**WHAT YOU ARE ASKED TO DO**
Pictures in the records below are skipped; the rest is copied exactly.

**Records drawn from a dataset**
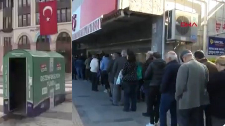 ► Πρώτα τους έστειλε στις ουρές για ν’ αγοράσουν κολόνια λεμόνι χύμα (δεξιά φωτογραφία), που εξοντώνει τον κοροναϊό. Για να γίνει μάλιστα πιστευτός ότι έχει βρει το φάρμακο που θα προστατεύσει την Τουρκία από την πανδημία, απαγόρευσε τις εξαγωγές λεμονιών. Καμάρωνε κιόλας που κάποιοι δικοί του βρήκαν το κόλπο με το δημόσιο ψεκασμό ατόμων (αριστερή φωτογραφία). Οταν η πανδημία άρχισε να εξαπλώνεται, ανακοίνωσε πανικόβλητος γενικό «λοκ ντάουν» 48 ωρών σε 20 μεγάλες πόλεις, που θα ξεκινούσε στη 1 μετά τα μεσάνυχτα της Παρασκευής προς Σάββατο. Κι έγινε το έλα να δεις, καθώς ο κόσμος ξεχύθηκε στους δρόμους πεζή και εποχούμενος κι άρχισε να συρρέει στα σούπερ μάρκετ. Είδαν τον πανικό, είδαν την τεράστια συσσώρευση ανθρώπων στους δρόμους και στα μαγαζιά και τότε θυμήθηκαν να εκδώσουν διευκρινιστική εγκύκλιο, σύμφωνα με την οποία καταστήματα τροφίμων, φούρνοι και φαρμακεία δε θα έκλειναν. Το καθεστώς Ερντογάν αποδεικνύει ότι η πολιτική αντίδραση πάει χέρι-χέρι με την περιφρόνηση προς την ανθρώπινη ζωή.
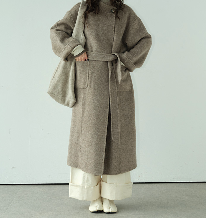 柔らかな羊毛と希少なヤクをブレンドした、高級感あふれるロングコート。
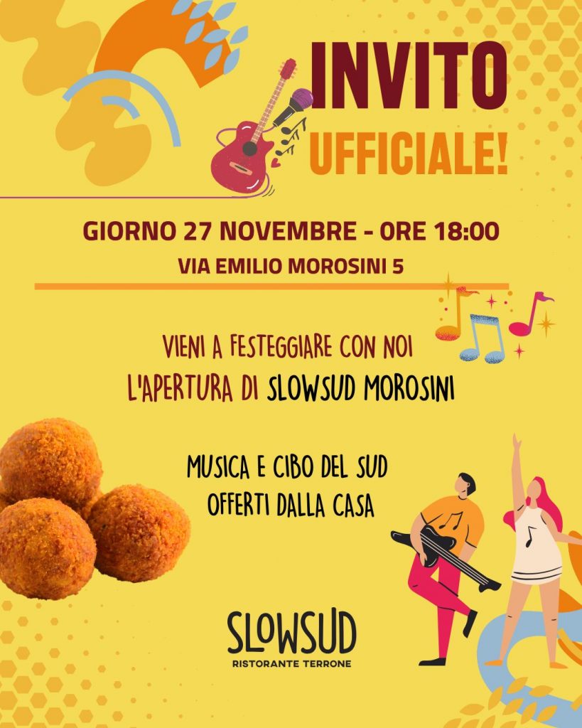Giovedì 27 novembre alle 18:00 apriamo ufficialmente le porte di SlowSud Morosini in via Morosini 5, Milano⦠e facciamo le cose come si deve:
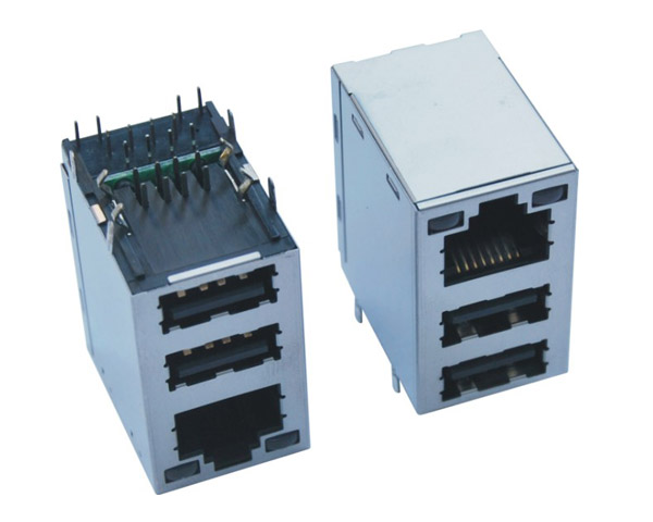 RJ45 二合一 带百兆变压器,RJ45接口+USB接口带灯带导光柱 RBA-023B-06F6-2Y
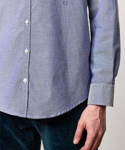 Shirt with a soft rounded collar, front closure, internal cotton voile plastron detail and embroidered crest for numbering. Pointed back yoke and rounded hem. Classic fit. Crafted from pure cotton bi-colour Oxford. Made in Italy.
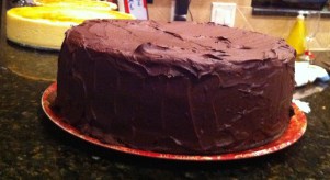 Pie number 52 was something I couldn’t think of a good name for. So I asked my friends on that-social-network-thing for a name and gave them the description; a cherry pie baked inside a chocolate cake and frosted with a semi-sweet chocolate and sour cream frosting. I got some good names and umm, some abstract. I decided to go with The Cherry Bomb. It has a nice ring to it. Thanks Heidi.

**TASK RESULT**
 ► Πρώτα τους έστειλε στις ουρές για ν’ αγοράσουν κολόνια λεμόνι χύμα (δεξιά φωτογραφία), που εξοντώνει τον κοροναϊό. Για να γίνει μάλιστα πιστευτός ότι έχει βρει το φάρμακο που θα προστατεύσει την Τουρκία από την πανδημία, απαγόρευσε τις εξαγωγές λεμονιών. Καμάρωνε κιόλας που κάποιοι δικοί του βρήκαν το κόλπο με το δημόσιο ψεκασμό ατόμων (αριστερή φωτογραφία). Οταν η πανδημία άρχισε να εξαπλώνεται, ανακοίνωσε πανικόβλητος γενικό «λοκ ντάουν» 48 ωρών σε 20 μεγάλες πόλεις, που θα ξεκινούσε στη 1 μετά τα μεσάνυχτα της Παρασκευής προς Σάββατο. Κι έγινε το έλα να δεις, καθώς ο κόσμος ξεχύθηκε στους δρόμους πεζή και εποχούμενος κι άρχισε να συρρέει στα σούπερ μάρκετ. Είδαν τον πανικό, είδαν την τεράστια συσσώρευση ανθρώπων στους δρόμους και στα μαγαζιά και τότε θυμήθηκαν να εκδώσουν διευκρινιστική εγκύκλιο, σύμφωνα με την οποία καταστήματα τροφίμων, φούρνοι και φαρμακεία δε θα έκλειναν. Το καθεστώς Ερντογάν αποδεικνύει ότι η πολιτική αντίδραση πάει χέρι-χέρι με την περιφρόνηση προς την ανθρώπινη ζωή.
 柔らかな羊毛と希少なヤクをブレンドした、高級感あふれるロングコート。
Giovedì 27 novembre alle 18:00 apriamo ufficialmente le porte di SlowSud Morosini in via Morosini 5, Milano⦠e facciamo le cose come si deve:
 RJ45 二合一 带百兆变压器,RJ45接口+USB接口带灯带导光柱 RBA-023B-06F6-2Y
 Shirt with a soft rounded collar, front closure, internal cotton voile plastron detail and embroidered crest for numbering. Pointed back yoke and rounded hem. Classic fit. Crafted from pure cotton bi-colour Oxford. Made in Italy.
 Pie number 52 was something I couldn’t think of a good name for. So I asked my friends on that-social-network-thing for a name and gave them the description; a cherry pie baked inside a chocolate cake and frosted with a semi-sweet chocolate and sour cream frosting. I got some good names and umm, some abstract. I decided to go with The Cherry Bomb. It has a nice ring to it. Thanks Heidi.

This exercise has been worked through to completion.